Data records:
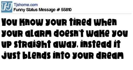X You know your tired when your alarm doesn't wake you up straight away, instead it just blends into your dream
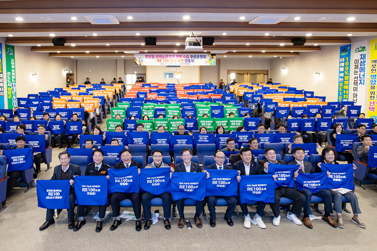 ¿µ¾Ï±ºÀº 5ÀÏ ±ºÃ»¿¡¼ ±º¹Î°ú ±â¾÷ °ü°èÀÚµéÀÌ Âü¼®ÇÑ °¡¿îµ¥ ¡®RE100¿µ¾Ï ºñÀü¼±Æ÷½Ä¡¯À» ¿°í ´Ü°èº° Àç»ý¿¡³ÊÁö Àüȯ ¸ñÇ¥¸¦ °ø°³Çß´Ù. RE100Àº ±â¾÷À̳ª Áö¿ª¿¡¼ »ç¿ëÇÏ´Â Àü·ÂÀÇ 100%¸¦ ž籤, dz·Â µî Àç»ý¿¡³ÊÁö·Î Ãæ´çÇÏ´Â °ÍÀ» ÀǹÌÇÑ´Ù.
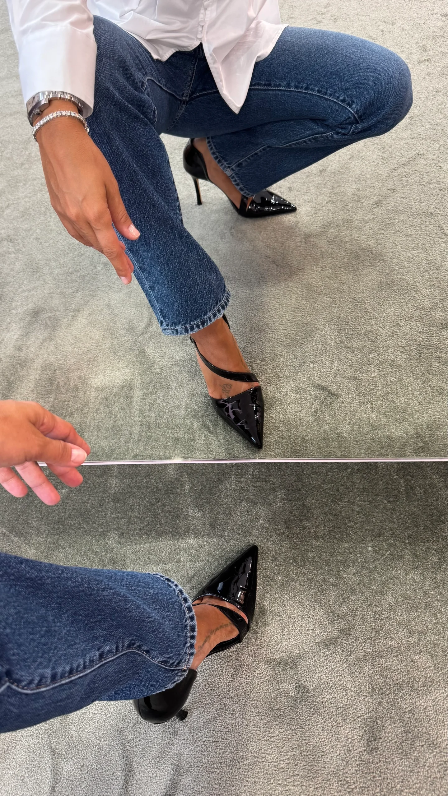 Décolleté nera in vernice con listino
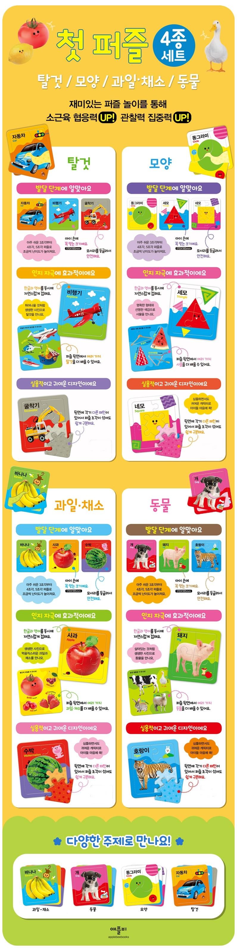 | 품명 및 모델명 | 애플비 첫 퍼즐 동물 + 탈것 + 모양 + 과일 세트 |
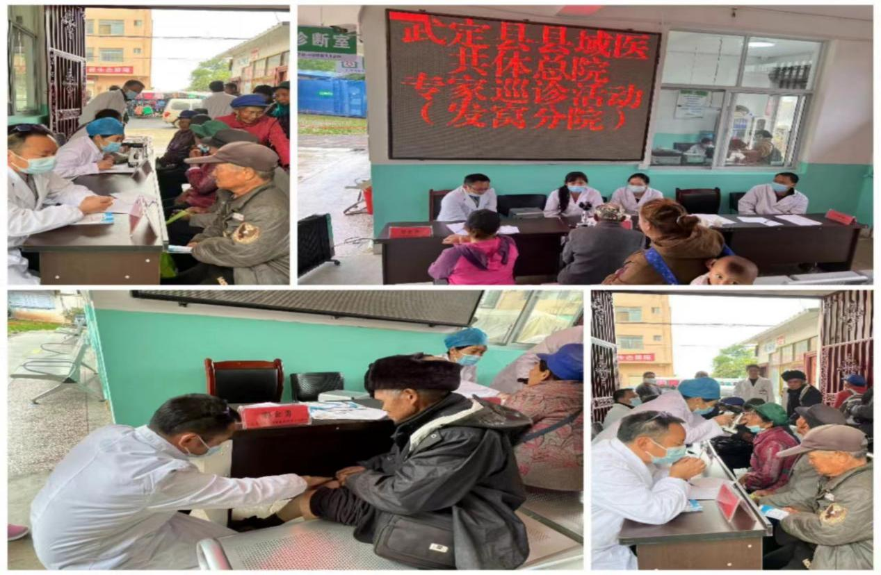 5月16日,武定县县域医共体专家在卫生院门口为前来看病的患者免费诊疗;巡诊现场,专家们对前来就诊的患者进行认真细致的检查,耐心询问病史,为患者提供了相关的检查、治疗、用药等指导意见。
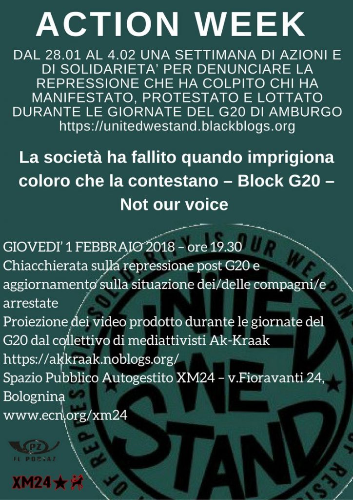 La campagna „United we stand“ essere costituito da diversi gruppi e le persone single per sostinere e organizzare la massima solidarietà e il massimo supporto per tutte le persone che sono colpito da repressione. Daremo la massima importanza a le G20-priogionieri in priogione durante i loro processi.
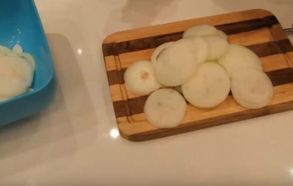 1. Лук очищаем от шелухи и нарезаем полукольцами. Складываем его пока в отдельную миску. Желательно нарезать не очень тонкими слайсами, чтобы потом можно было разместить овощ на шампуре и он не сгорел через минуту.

INSTRUCTIONS TO FOLLOW :: Starting at the line above with "모양 + 과일 세트 |", output every line exactly up to and including the line with "5月16日,武定县县域医共体", but none of the pictures.

RESULT ::
 | 품명 및 모델명 | 애플비 첫 퍼즐 동물 + 탈것 + 모양 + 과일 세트 |
 5月16日,武定县县域医共体专家在卫生院门口为前来看病的患者免费诊疗;巡诊现场,专家们对前来就诊的患者进行认真细致的检查,耐心询问病史,为患者提供了相关的检查、治疗、用药等指导意见。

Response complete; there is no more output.